The Data Analytics Process
Data analytics is a structured process that involves several steps. Here’s a simplified breakdown:
1. Define the Problem –
Begin by identifying the problem or question you want to address with data analytics. This step is crucial as it sets the direction for your analysis.
2. Data Collection –
Gather the data required to tackle the problem. The data can come from various sources, such as databases, spreadsheets, sensors, or external data feeds.
3. Data Cleaning and Preparation –
Raw data is often messy and may require cleaning, transformation, and structuring to make it suitable for analysis. This step involves dealing with missing values, outliers, and inconsistencies.
4. Exploratory Data Analysis (EDA) –
EDA involves exploring the data through summary statistics, visualizations, and data mining techniques. It’s a crucial step to understand the data and identify patterns.
5. Modeling and Analysis –
This is where the magic happens. Data analysts use various techniques to analyze the data. For example, they may employ regression analysis for prediction, clustering for segmentation, or decision trees for classification.
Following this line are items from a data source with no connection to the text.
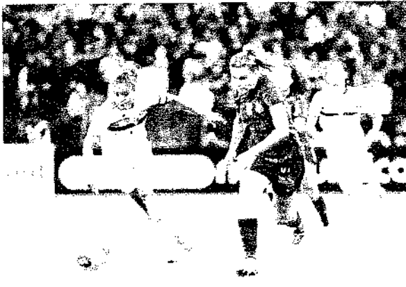
Com o resultado, o Corinthians se transformou em tricampeão do torneio estadual de forma invicta

O Corinthians fez história nesta quarta-feira (8). Diante de 40.677 torcedores, o maior público já registrado no país em uma partida de futebol feminino entre clubes, o Timão derrotou o São Paulo por 3 a 1, na Neo Química Arena, para conquistar o Campeonato Paulista pela terceira vez, todas de forma consecutiva. O Tricolor havia ganhado o jogo de ida, no último sábado (4), por 1 a 0 no Morumbi.
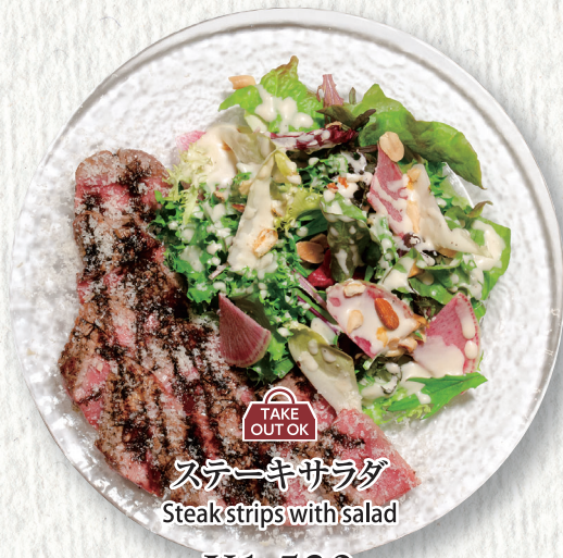
ステーキサラダ Steak strips with salad
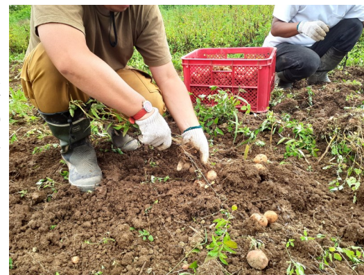
まだ暑さ残る8月末に収穫
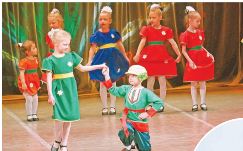
Выступает танцевальный ансамбль «Вдохновение»
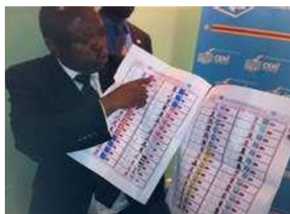
Bulletin de vote

Pour rappel, confirmant la décision de la CENI du 30 septembre 2011, la Cour Suprême œuvrant en tant que Cour Constitutionnelle a jugé 48 dossiers irrecevables. Pour autant, le nombre élevé des candidatures à la députation nationale a entraîné la fabrication pour les circonscriptions de Kinshasa, des bulletins qualifiés à tort ou à raison par certains de « plus gros bulletin de vote » au monde.
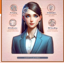
■ AIキャラクターがご案内
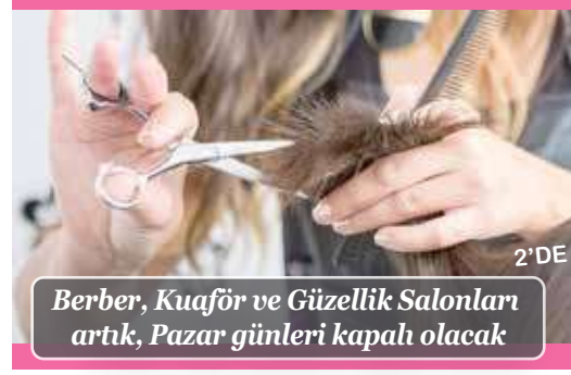
Berber, Kuaför ve Güzellik Salonları artık, Pazar günleri kapalı olacak

6. Validation and Testing –
It’s essential to assess the quality and validity of your analysis. Validation techniques help ensure that your findings are reliable and not simply due to chance.
7. Deployment –
Once you’ve derived valuable insights from your analysis, it’s time to put them to use. Implement the recommendations, strategies, or changes suggested by the analysis.
8. Monitoring and Iteration –
Data analytics is an ongoing process. It’s crucial to continually monitor the results and make adjustments as needed to adapt to changing circumstances.
Summary
Data analytics is your passport to uncovering the treasures hidden within data. It is a journey of exploration, problem-solving, and discovery that empowers individuals and organizations to make better decisions, drive innovation, and navigate the data-rich landscape of our digital world.
So, whether you are a curious learner, decision maker, or an aspiring data analyst, data analytics provides you with a powerful toolkit to navigate the data-driven era and uncover valuable insights.
As you venture into the world of data analytics, remember that it’s both a skill and an art. Dive into the techniques, get hands-on experience with real-world data, and apply your findings to practical situations. Embrace the power of data analytics, and join the ever-growing community of data-driven decision-makers.